▶ _Problem requirements_:
Reproduce only what runs from the line containing "实验室安全管理的目的不仅是要" to the line containing "beat365正版唯一官网必一2024-2025学年春季学期校历" in the records below, inclusive. Keep it exact, and keep the pictures out.

▶ _Supplied data_:
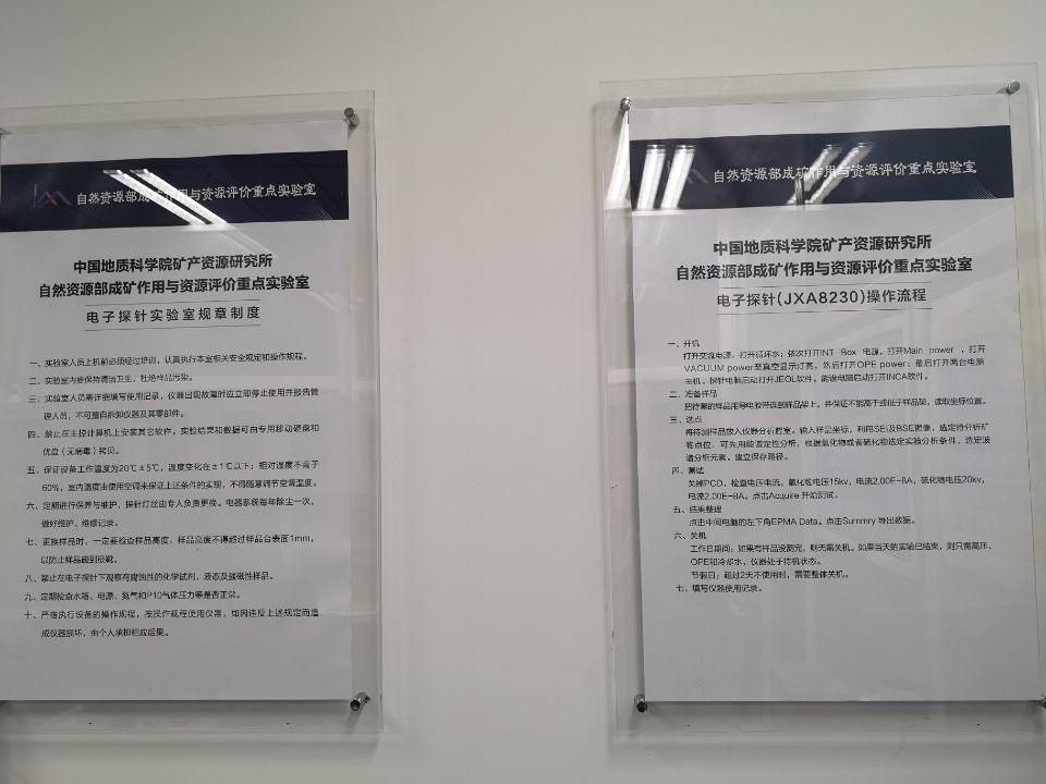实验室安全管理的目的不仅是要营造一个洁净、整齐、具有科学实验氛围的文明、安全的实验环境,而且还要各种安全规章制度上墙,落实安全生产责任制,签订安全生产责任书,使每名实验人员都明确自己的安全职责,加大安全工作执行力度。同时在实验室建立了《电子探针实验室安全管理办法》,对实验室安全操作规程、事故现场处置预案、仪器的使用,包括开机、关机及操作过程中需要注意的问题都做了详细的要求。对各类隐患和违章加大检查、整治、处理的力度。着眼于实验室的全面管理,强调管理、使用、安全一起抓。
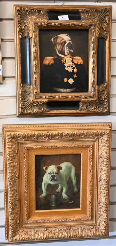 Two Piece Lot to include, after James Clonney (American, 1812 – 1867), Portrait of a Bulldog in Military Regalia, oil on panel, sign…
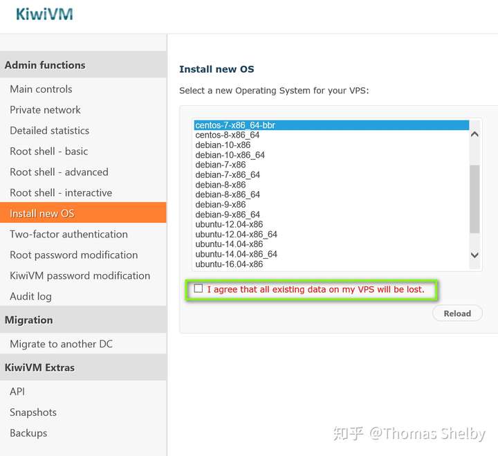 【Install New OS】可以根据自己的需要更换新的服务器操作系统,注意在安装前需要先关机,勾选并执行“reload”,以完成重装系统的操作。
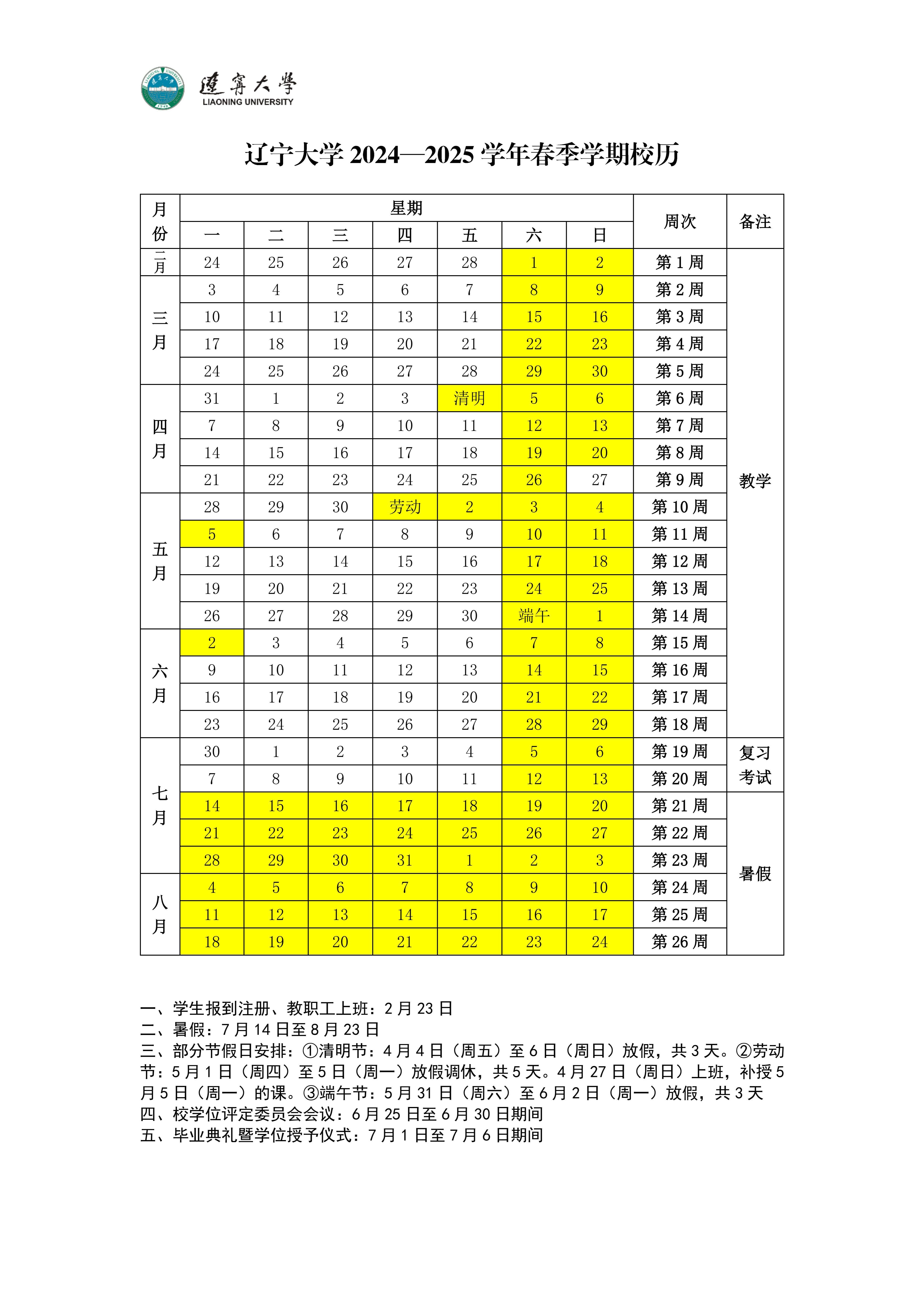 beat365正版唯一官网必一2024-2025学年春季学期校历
* * *
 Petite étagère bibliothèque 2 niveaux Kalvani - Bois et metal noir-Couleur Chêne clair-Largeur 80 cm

▶ _Answer area_:
实验室安全管理的目的不仅是要营造一个洁净、整齐、具有科学实验氛围的文明、安全的实验环境,而且还要各种安全规章制度上墙,落实安全生产责任制,签订安全生产责任书,使每名实验人员都明确自己的安全职责,加大安全工作执行力度。同时在实验室建立了《电子探针实验室安全管理办法》,对实验室安全操作规程、事故现场处置预案、仪器的使用,包括开机、关机及操作过程中需要注意的问题都做了详细的要求。对各类隐患和违章加大检查、整治、处理的力度。着眼于实验室的全面管理,强调管理、使用、安全一起抓。
 Two Piece Lot to include, after James Clonney (American, 1812 – 1867), Portrait of a Bulldog in Military Regalia, oil on panel, sign…
 【Install New OS】可以根据自己的需要更换新的服务器操作系统,注意在安装前需要先关机,勾选并执行“reload”,以完成重装系统的操作。
 beat365正版唯一官网必一2024-2025学年春季学期校历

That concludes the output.